[NO ISSUE][REP] Pass NC active partitions from CC
- user model changes: no
- storage format changes: no
- interface changes: yes
Details:
- Pass NC active partitions from CC and set them
during node bootstrap.
- Move local storage clean up to LocalStorageCleanupTask
to clean up after all node partitions have been set.
- Maintain last LSN in master flush LSN to account for
cases where the first LSN received from master is the
same as the low water mark LSN.
- Reduce replica failure logging at error level.

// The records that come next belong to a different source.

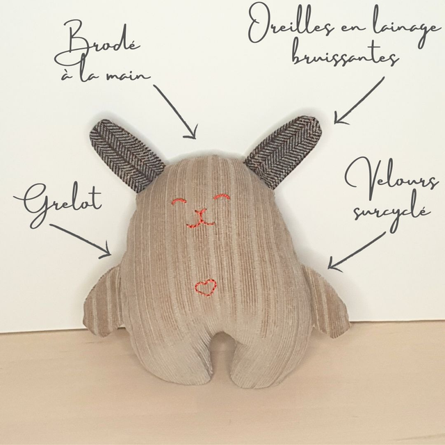 Découvrez Germain le Lapin, un adorable doudou confectionné avec amour et soin, destiné à apporter réconfort et douceur à vos tout-petits. Chaque exemplaire est unique, créé de manière artisanale à partir de velours côtelé issu de chutes de tissus surcyclés, contribuant ainsi à une approche éco-responsable.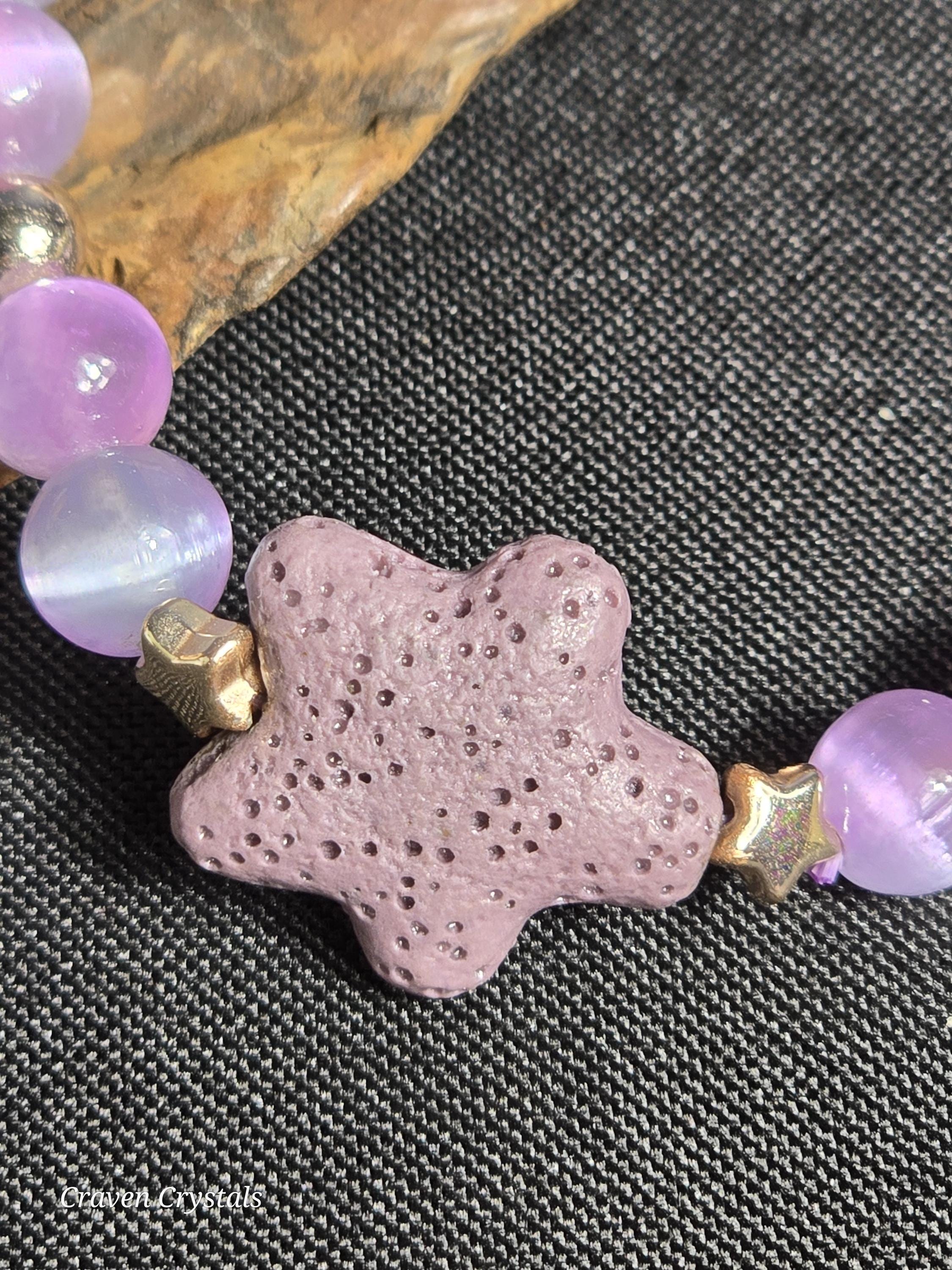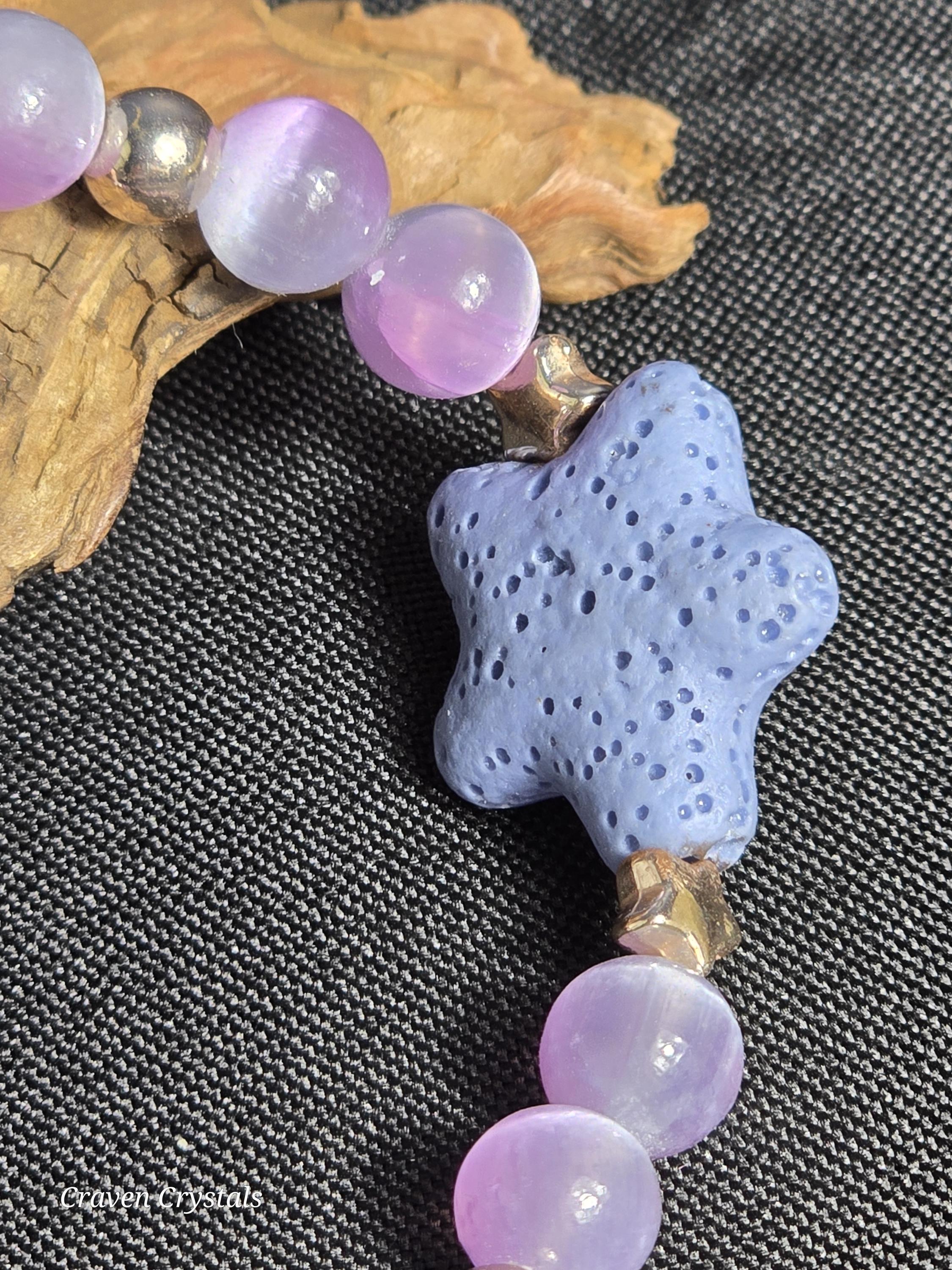 Where ocean dreams meet the night sky, “Tidepool Treasures” comes to life. This luminous bracelet is crafted with enhanced-color cat eye selenite in soft pinks, dreamy purples, and tranquil blues, each bead glowing with a silky, moonlit shimmer that shifts like starlight dancing on water. Golden star beads add warmth and radiance, while star-shaped enhanced-color lava stone sea stars ground the piece with an earthy, elemental contrast — a reminder that even the most magical things are shaped by the natural world. The blend of airy selenite and volcanic stone creates a beautiful balance of light and strength, calm and resilience. This bracelet feels like discovering something special tucked away in a quiet tidepool — a small, radiant reminder of wonder waiting to be found.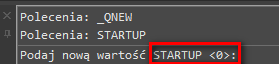 Jeśli w Linii poleceń wpiszesz: STARTUP i zatwierdzisz Enterem możesz wpisać wartość zmiennej: 1 lub 0.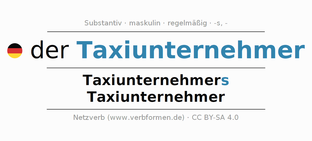 - Plural: die Taxiunternehmer, der Taxiunternehmer, den Taxiunternehmern, die Taxiunternehmer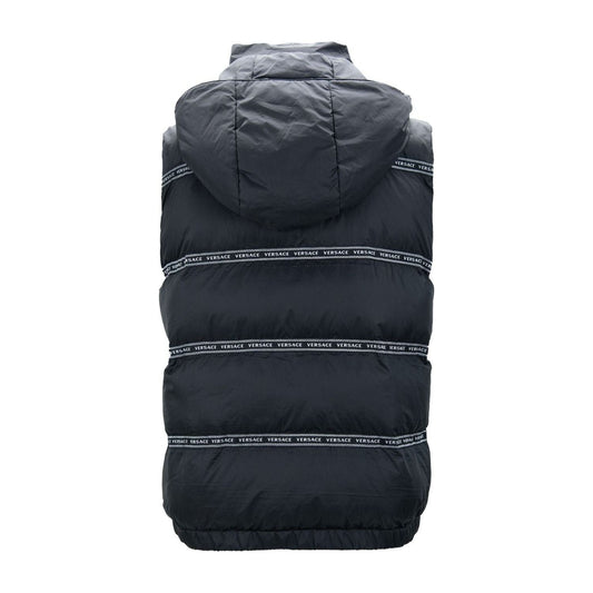 سترة فيرساتشي أنيقة باللون الأسود مع شريط شعار وغطاء رأس قابل للفصل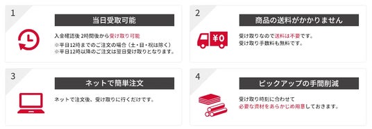 - ピックアップの手間削減:受け取り時刻にあわせて購入商品を予め用意しておきます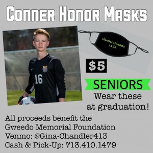 A friend of Conner’s since his days at Tabb Elementary School, Faith Geigley, designed a pin that every senior can wear on their gowns at graduation. She also designed a mask for the seniors and faculty to wear that says “Conner Gweedo LL 16” (Conner was known as “Gweedo” to his friends and soccer teammates.) Proceeds from the $5 mask will go towards the Conner Gweedo Memorial Foundation.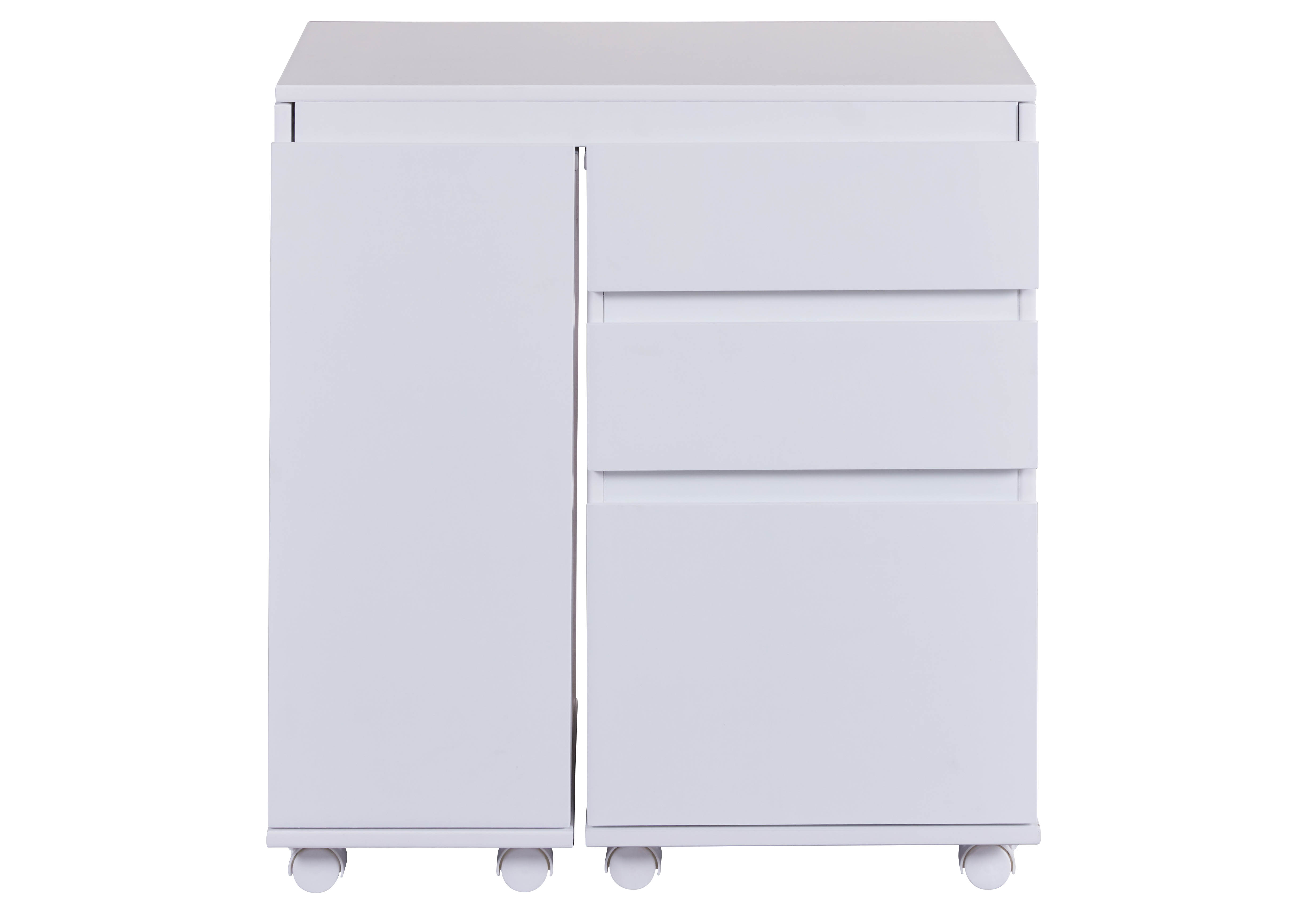 Um den Tisch zu verlängern, müssen Sie einfach die beiden Rollcontainer trennen.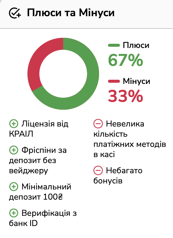 Загальна оцінка: казино заслуговує на довіру, але потребує покращення швидкості виплат та спрощення бонусних умов. Для більшості українських гравців це хороший вибір серед ліцензійних операторів.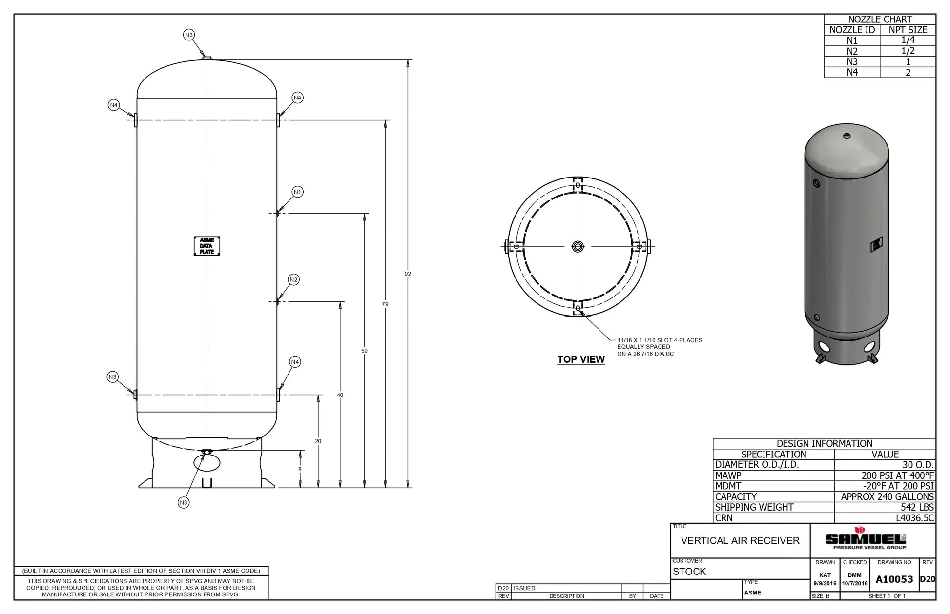 240 Gallon 200PSI Vertical Air Tank By Samuel with 8" base ring - A10053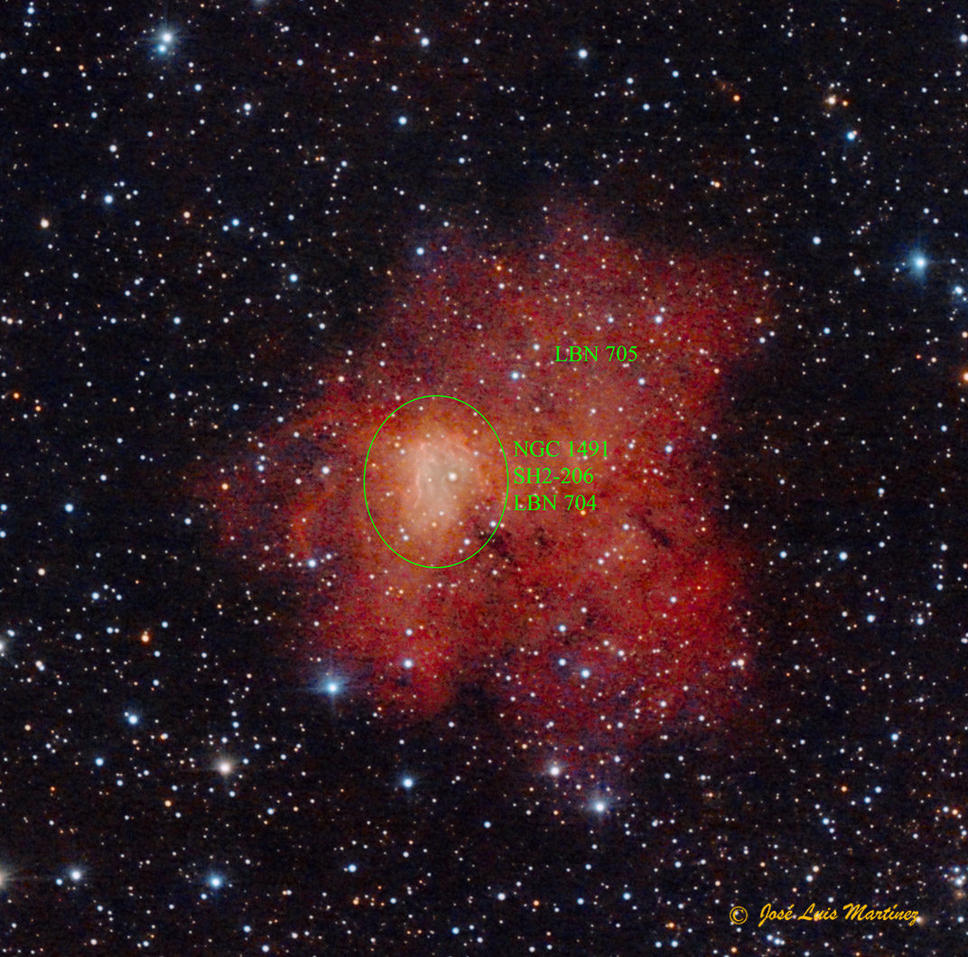 Es decir, toda la nebulosa es LBN 705 y dentro de ella, el objeto más conocido es Sh2-206 o LBN 704. Más conocido porque es lo que observamos con telescopios de aficionado. Otra cosa es lo que una fotografía de larga exposición recoge.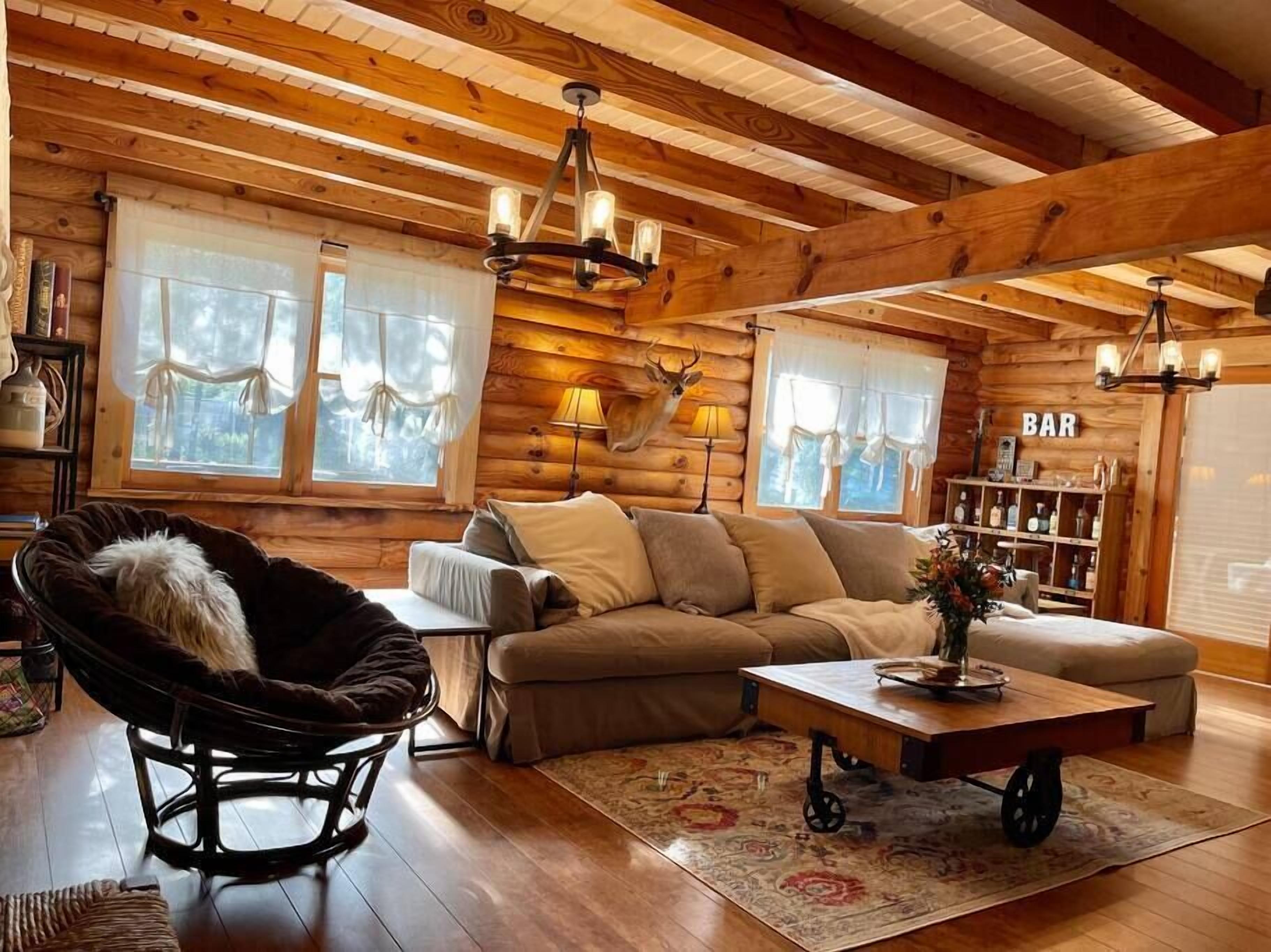 This real log cabin was updated in 2023 and has 3 bedrooms, 2 full bathrooms and a flex mudroom complete with new washer / dryer and sink. The beautiful fully equipped kitchen is updated to a modern farmhouse style, complete with high ceilings, white shaker cabinets, white subway tile, white calacatta quartz countertops and a white farmhouse sink.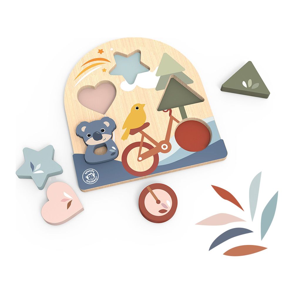 The Speedy Monkey Early Learning Puzzle turns play into progress, making every moment a step toward brighter learning! Hours of hands-on discovery with the Early Learning Puzzle, a colorful and educational activity designed to spark curiosity and build foundational skills in toddlers ages 12 months and up. This charming set includes 4 chunky wooden blocks, perfectly sized for little hands to grasp, stack, and place. As children match each piece to its spot, they naturally develop problem-solving abilities, shape and color recognition, and fine motor coordination.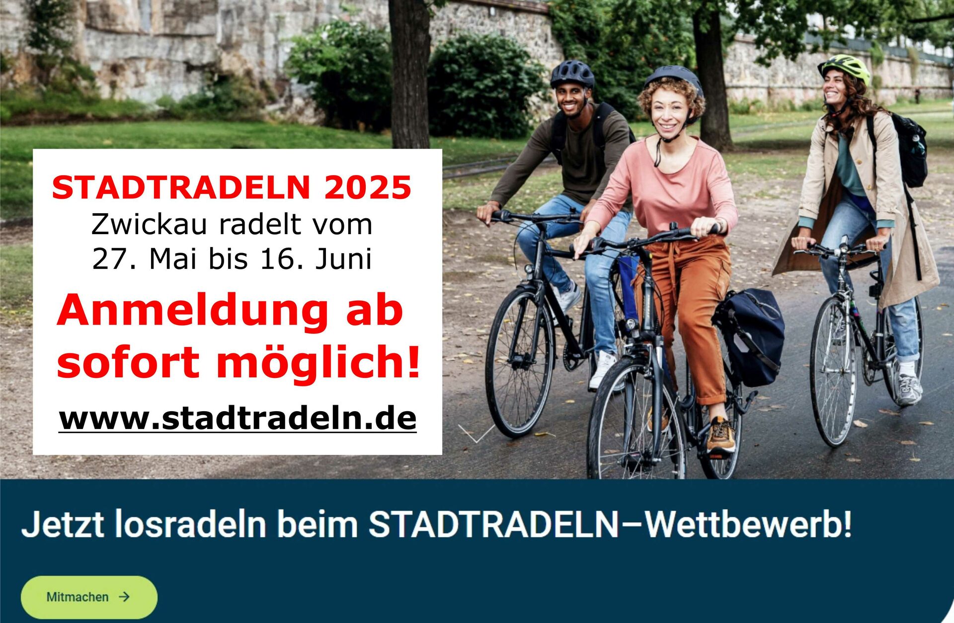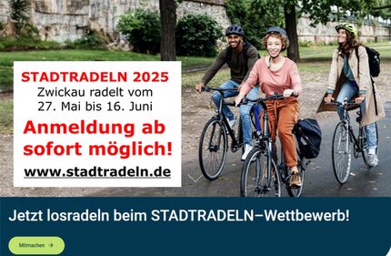 Mitmachen können alle, die in Zwickau wohnen, arbeiten, einem Verein angehören oder eine (Hoch)Schule besuchen. Zugelassen sind alle Fahrzeuge, die im Sinne der StVO als Fahrräder gelten. Ausführliche Infos zum STADTRADELN in Zwickau folgen im Mai. Allgemeine Infos rund ums STADTRADELN sind unter www.stadtradeln.de nachzulesen.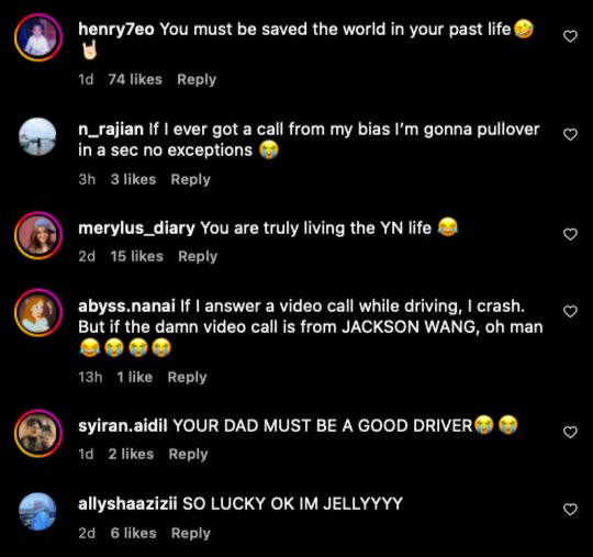 In a follow-up Instagram Story, Aisyah explained how the unexpected video call came about. Jackson had caught a ride via her father’s private hire car-hailing service. Knowing that Aisyah was a fan, her father recognized Jackson, so he asked if it would be okay for Jackson to talk to her via video call. While someone from his team initially said no, Jackson said yes!

Change-Id: I3782bb2be61f8a57ac45dd6dd6ae0942e83ddc40
Reviewed-on: https://asterix-gerrit.ics.uci.edu/c/asterixdb/+/12903
Integration-Tests: Jenkins <jenkins@fulliautomatix.ics.uci.edu>
Reviewed-by: Murtadha Hubail <mhubail@apache.org>
Reviewed-by: Ali Alsuliman <ali.al.solaiman@gmail.com>
Tested-by: Murtadha Hubail <mhubail@apache.org>
diff --git a/asterixdb/asterix-app/src/main/java/org/apache/asterix/app/nc/ReplicaManager.java b/asterixdb/asterix-app/src/main/java/org/apache/asterix/app/nc/ReplicaManager.java
index 1d901bd..66a69ef 100644
--- a/asterixdb/asterix-app/src/main/java/org/apache/asterix/app/nc/ReplicaManager.java
+++ b/asterixdb/asterix-app/src/main/java/org/apache/asterix/app/nc/ReplicaManager.java
@@ -112,10 +112,17 @@
}
@Override
+ public synchronized void setActivePartitions(Set<Integer> activePartitions) {
+ partitions.clear();
+ partitions.addAll(activePartitions);
+ }
+
+ @Override
public synchronized void promote(int partition) throws HyracksDataException {
if (partitions.contains(partition)) {
return;
}
+ LOGGER.warn("promoting partition {}", partition);
final PersistentLocalResourceRepository localResourceRepository =
(PersistentLocalResourceRepository) appCtx.getLocalResourceRepository();
localResourceRepository.cleanup(partition);
diff --git a/asterixdb/asterix-app/src/main/java/org/apache/asterix/app/nc/task/LocalStorageCleanupTask.java b/asterixdb/asterix-app/src/main/java/org/apache/asterix/app/nc/task/LocalStorageCleanupTask.java
index 5471fb8..a926c66 100644
--- a/asterixdb/asterix-app/src/main/java/org/apache/asterix/app/nc/task/LocalStorageCleanupTask.java
+++ b/asterixdb/asterix-app/src/main/java/org/apache/asterix/app/nc/task/LocalStorageCleanupTask.java
@@ -18,6 +18,8 @@
*/
package org.apache.asterix.app.nc.task;
+import java.util.Set;
+
import org.apache.asterix.common.api.INCLifecycleTask;
import org.apache.asterix.common.api.INcApplicationContext;
import org.apache.asterix.common.dataflow.DatasetLocalResource;
@@ -41,6 +43,17 @@
INcApplicationContext appContext = (INcApplicationContext) cs.getApplicationContext();
PersistentLocalResourceRepository localResourceRepository =
(PersistentLocalResourceRepository) appContext.getLocalResourceRepository();
+ deleteInvalidMetadataIndexes(localResourceRepository);
+ final Set<Integer> nodePartitions = appContext.getReplicaManager().getPartitions();
+ localResourceRepository.deleteCorruptedResources();
+ //TODO optimize this to cleanup all active partitions at once
+ for (Integer partition : nodePartitions) {
+ localResourceRepository.cleanup(partition);
+ }
+ }
+
+ private void deleteInvalidMetadataIndexes(PersistentLocalResourceRepository localResourceRepository)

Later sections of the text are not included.